OTOH, it is always possible for the user to redefine 'read and 'write...
Well, in that case, it is important to NOT define 'input and 'output as
raising P_E, since their normal behaviour (for discriminated defaulted
types) is simply to call 'Read and 'Write.
*************************************************************
From: Robert A Duff
Sent: Friday, October 1, 1999 at 8:57 am.
> It seems to me that completely forbidding the use of 'Read and 'Write is
> too strict; there are certainly cases where you want to send such types over
> a network!
> 'Read and 'Write could be defined like the case where there are no default
> values (i.e. no discriminants written).
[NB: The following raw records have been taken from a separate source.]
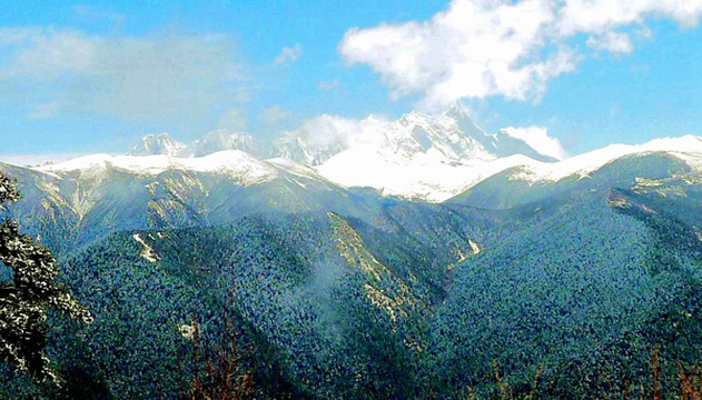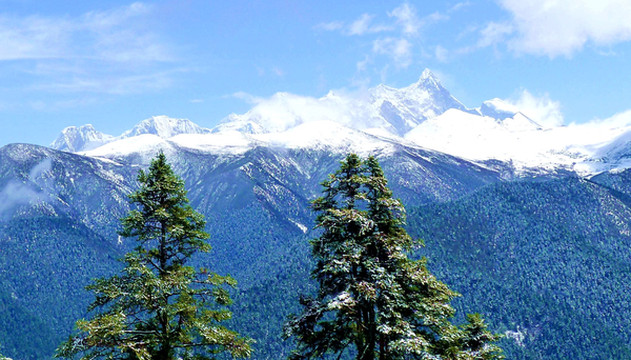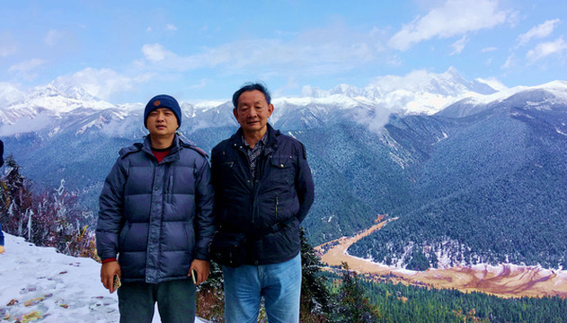 此处是川藏线上除色季拉山垭口外又一处能够看到“南伽巴瓦”的地方,“南迦巴瓦”位于喜马拉雅山脉的最东端,峰顶海拔7782米,属世界第15高峰。因为排在它前面的14座高峰全都是海拔8000米以上,因此,“南伽巴瓦”也就成为世界7000米级别雪峰中的最高者。我们初抵时刻“南伽巴瓦”仍被云雾笼罩,然而,突然风吹云散,南伽巴瓦雪峰以及位于它对面的“加拉白垒(海拔7294米)”雪峰都清晰地显露出了真容,此景稍纵即逝,赶忙请邓师傅为我们父子拍下一张站立于两峰之间的珍贵合影。路边有藏族女孩兜售松茸,闻起来味道不错,但邓师傅说现时松茸干货要千元一斤,这几十元一包的蘑菇不可能是真货。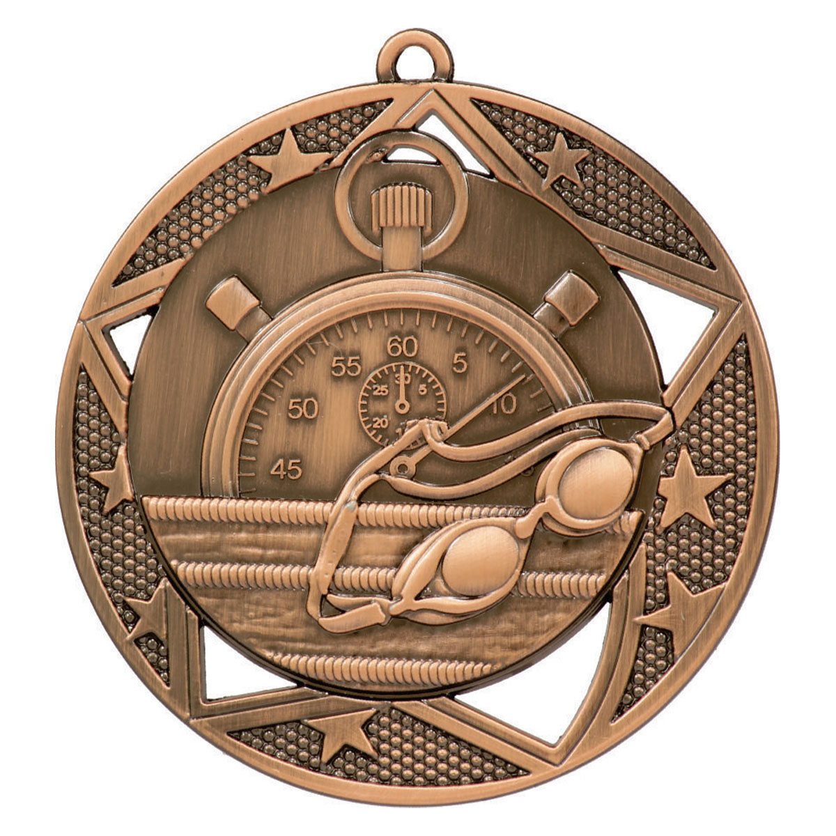 Galaxy Medals present a larger size of medal for Swimming events with effective star design and is suitable for budget requirements. Available in gold, silver and bronze and ribbons and medal boxes to suit.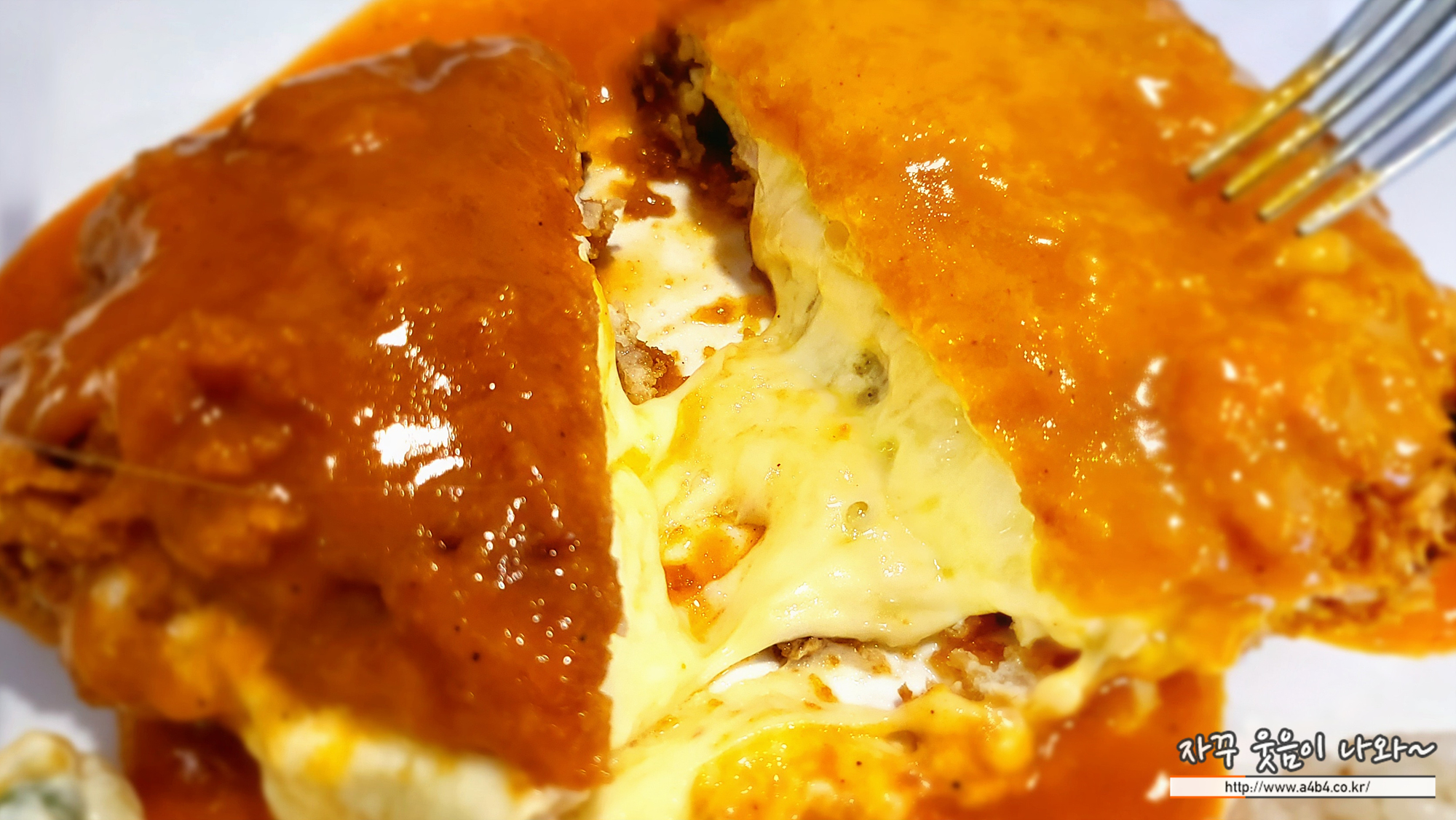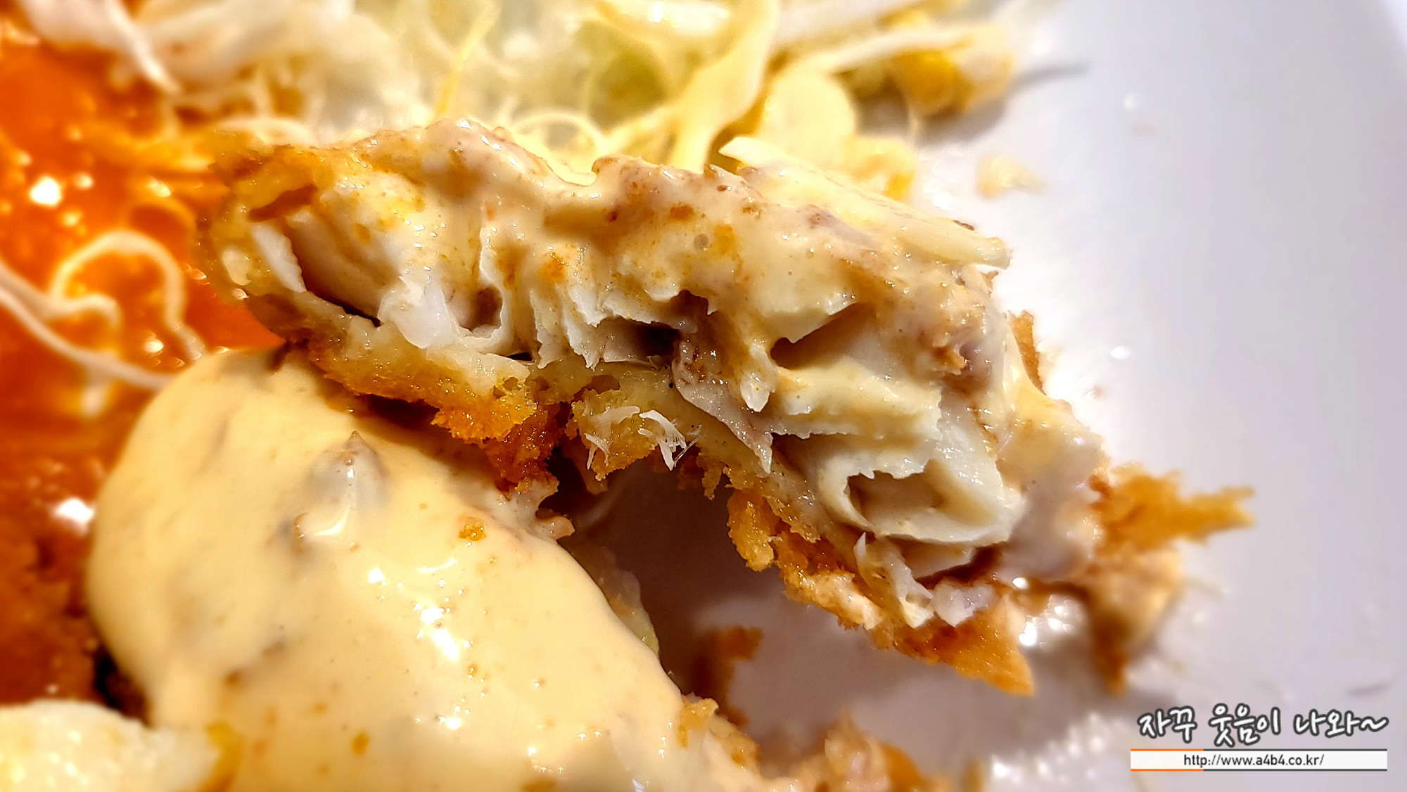 사진과 같이 따뜻한 치즈름 듬쁙 머금은 돈까스가 나왔습니다. 고소한 맛의 치즈 돈까스도 좋은 선택중 하나!

> 'input and 'output could raise Program_Error, or do the same.
>
> OTOH, it is allways possible for the user to redefine 'read and 'write...
As Tucker mentioned in the meeting, another way to get the operations
that raise Program_Error is to first define the variant record as a
normal type, then derive from it, and declare the derived type to be an
unchecked_union. Then you can convert values to the parent type, and do
all the normal stuff without getting Program_Error.
Oh, and by the way, we decided that you could convert to constrained
subtypes of the parent type (contrary to what Tuck's write-up says).
Of course you can't convert to an unconstrained subtype, because the
compiler can't know what the discriminant value should be.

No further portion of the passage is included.